Brief:
Without the pictures, extract every line from the start of the material to the line containing "Many hoop moves", both ends included.

Data for processing:
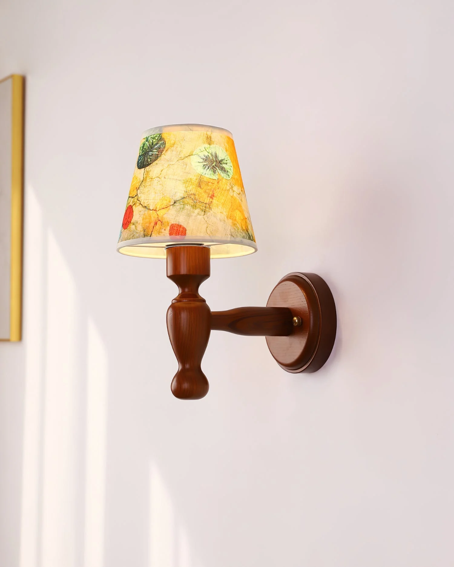 This Kuli Wood Wall Lamp presents a harmonious blend of traditional wood craftsmanship and a strikingly patterned shade, offering a distinctive yet understated aesthetic. The finely carved wooden arm cradles the vibrant lampshade, adorned with intricate designs that evoke a sense of adventure and creativity.
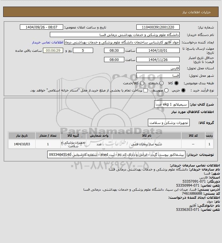 شرح کلی نیاز: سیمیلاتور ekg 1 عدد
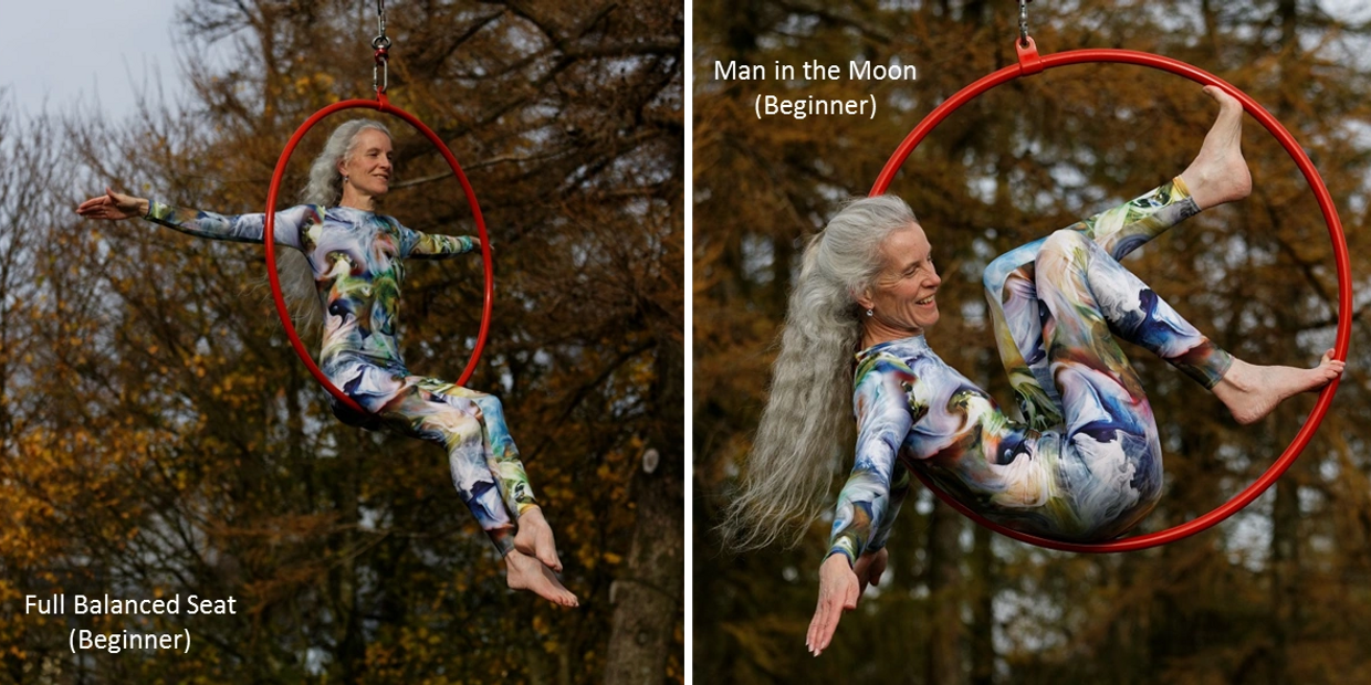 Many hoop moves challenge and work your ability to balance. Beginner moves Full Balanced Seat and Man in the Moon are great examples. Full Balanced Seat looks so simple, but the whole body has to work hard to stay seated if there is no additional steadying support from the arms.
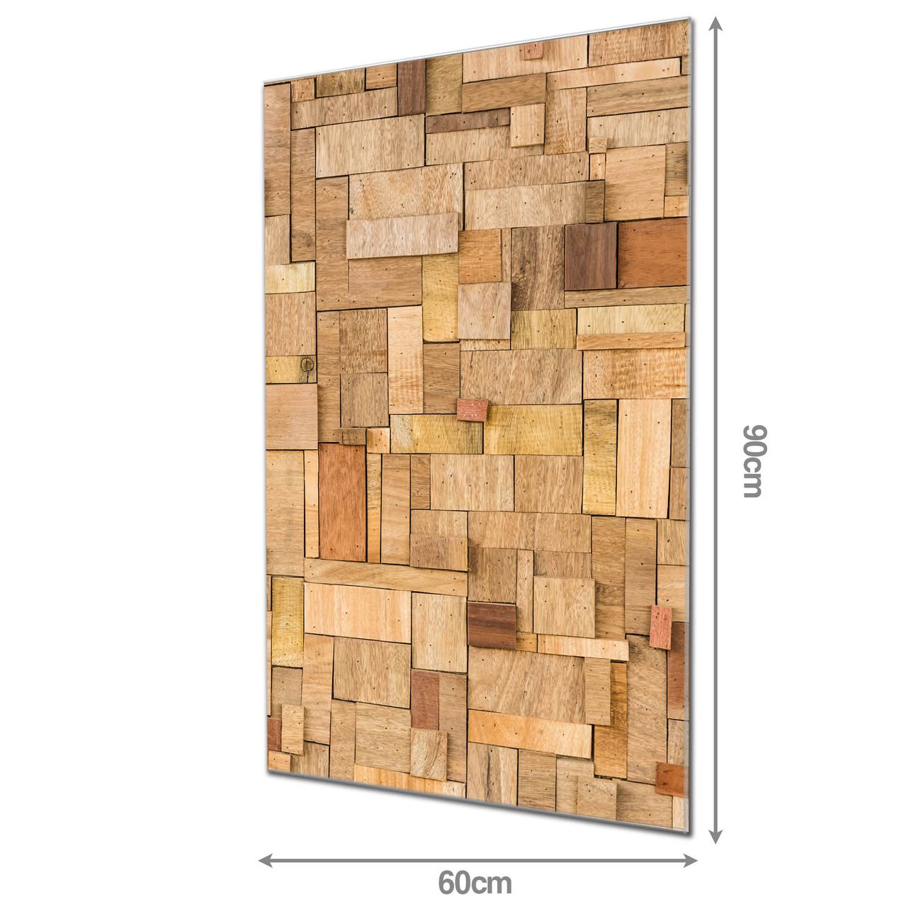 Material: 4mm Sicherheitsglas mit Metallrückwand Eigenschaften: beschreibbar, magnetisch, kratzfest Maße: 60x90x0,6cm, 8,10 kg schwer Motiv Nummer 12168 Hölzernes Flickwerk Zubehör: inklusive 4 Neodym-Magnete
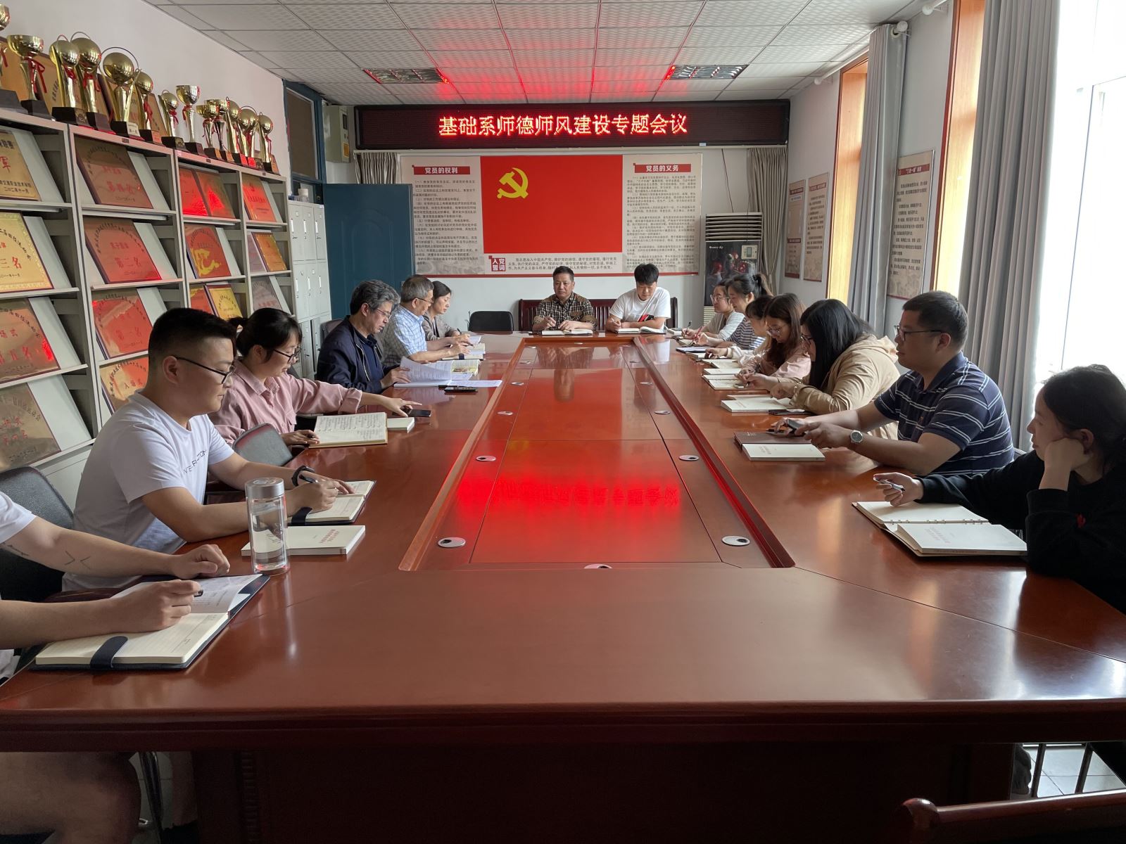 5月21日下午,基礎系召開師德師風建設專題會議,系黨總支書記邵登泰主持會議,全體教職工參加。
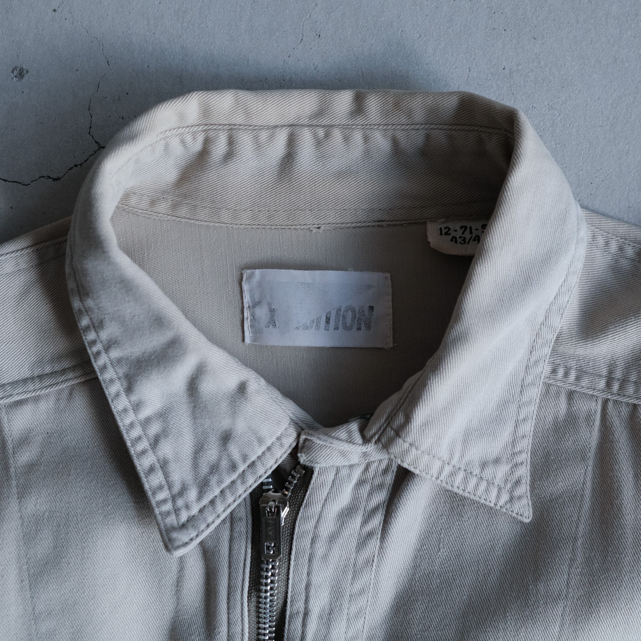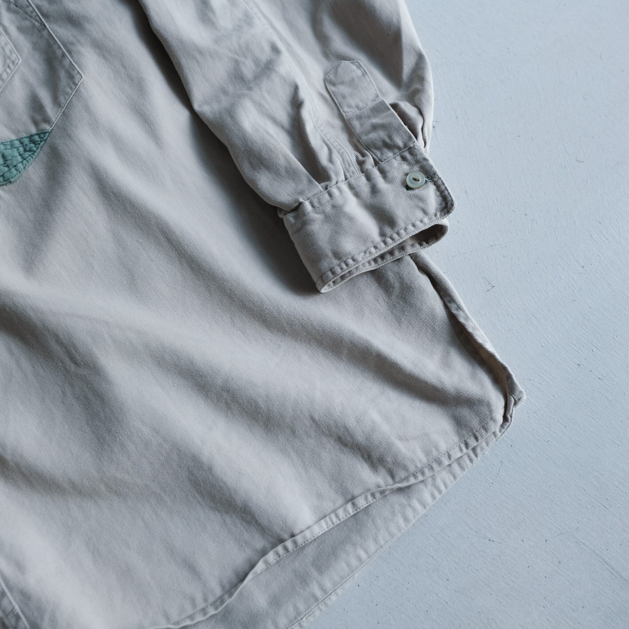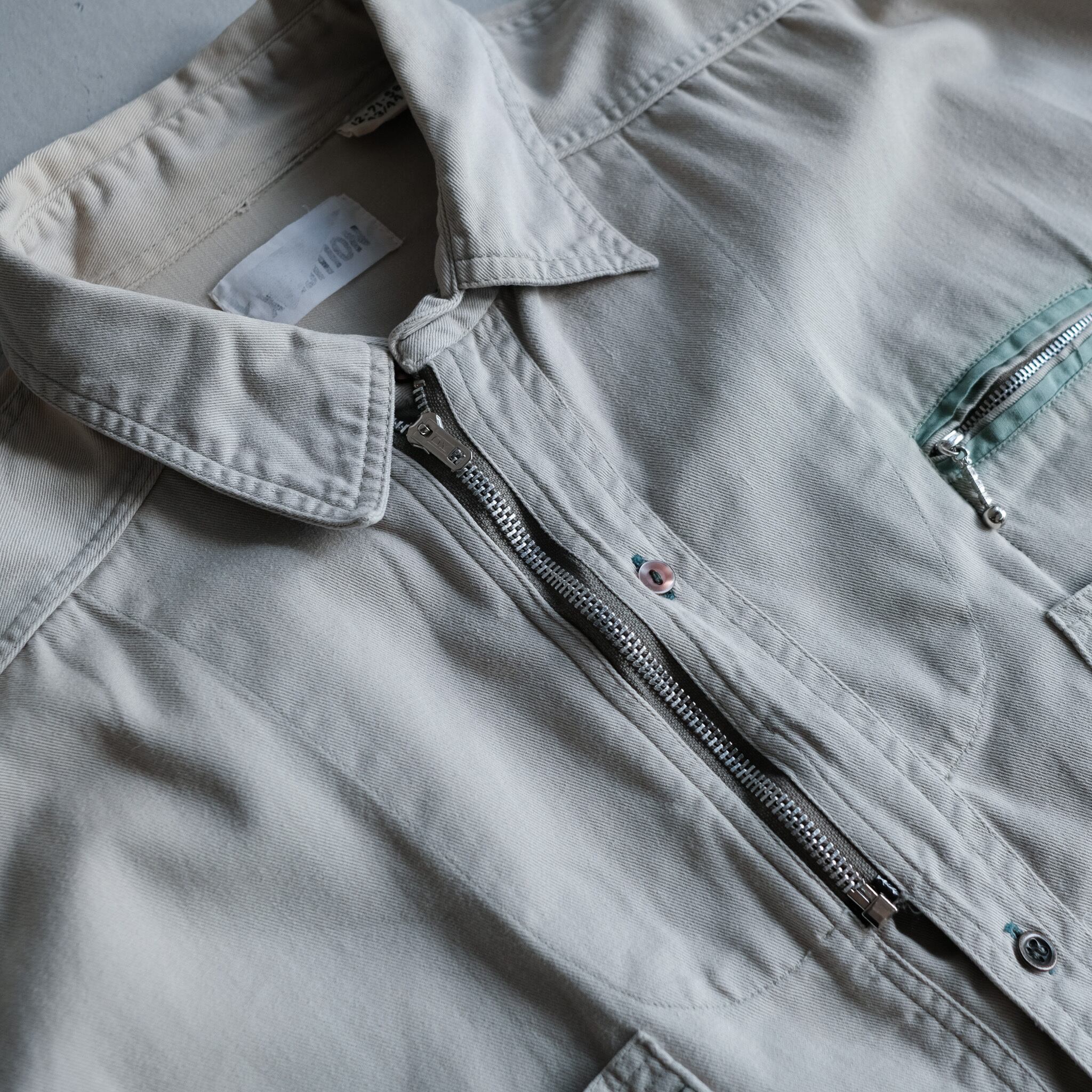 フロントのジップデザインやポケットのステッチが目を惹くデザインシャツ。薄く緑がかったコットンボディに補強するかのように取り付けられたポケットの当て布、パイピングはカーキ。首元の半端なファスナーはボタンを使用せずとも開閉することが出来、着脱もノンストレスに。原産国表記は読み取れませんでしたがタグやデザインから推測するにユーロレギュラーアイテム。他にはないディテールやカラーが唯一無二の古着ならではなシャツ。
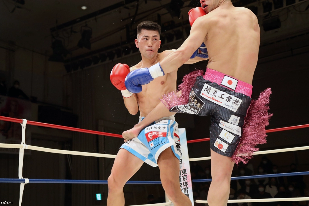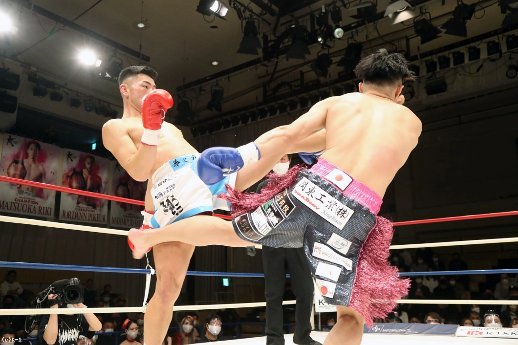 1R、サウスポーの横山がリング中央に立つ。横山、中島とローを入れるがどちらもまだ距離をあけて相手の出方を探っている。中島はしかしそこから踏み込んでのローを当て、変則的な高い蹴りでも横山を脅かす。
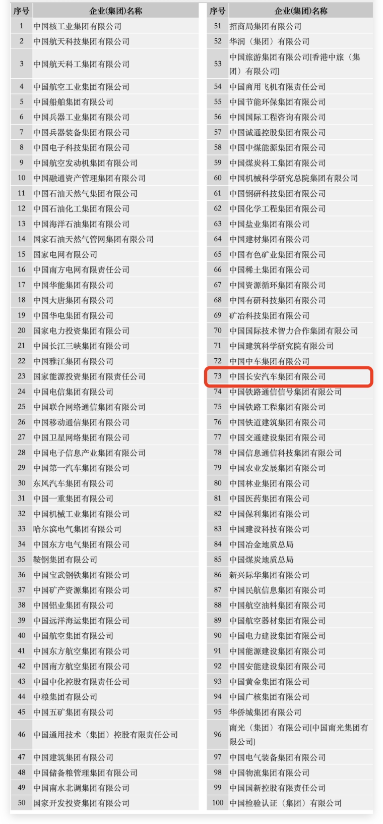 在國務院國資委發布的最新央企名錄中,中國長安汽車集團的序號為73,這也是由國務院國資委直接管理的第100家央企。

Solved exercise:
 This Kuli Wood Wall Lamp presents a harmonious blend of traditional wood craftsmanship and a strikingly patterned shade, offering a distinctive yet understated aesthetic. The finely carved wooden arm cradles the vibrant lampshade, adorned with intricate designs that evoke a sense of adventure and creativity.
 شرح کلی نیاز: سیمیلاتور ekg 1 عدد
 Many hoop moves challenge and work your ability to balance. Beginner moves Full Balanced Seat and Man in the Moon are great examples. Full Balanced Seat looks so simple, but the whole body has to work hard to stay seated if there is no additional steadying support from the arms.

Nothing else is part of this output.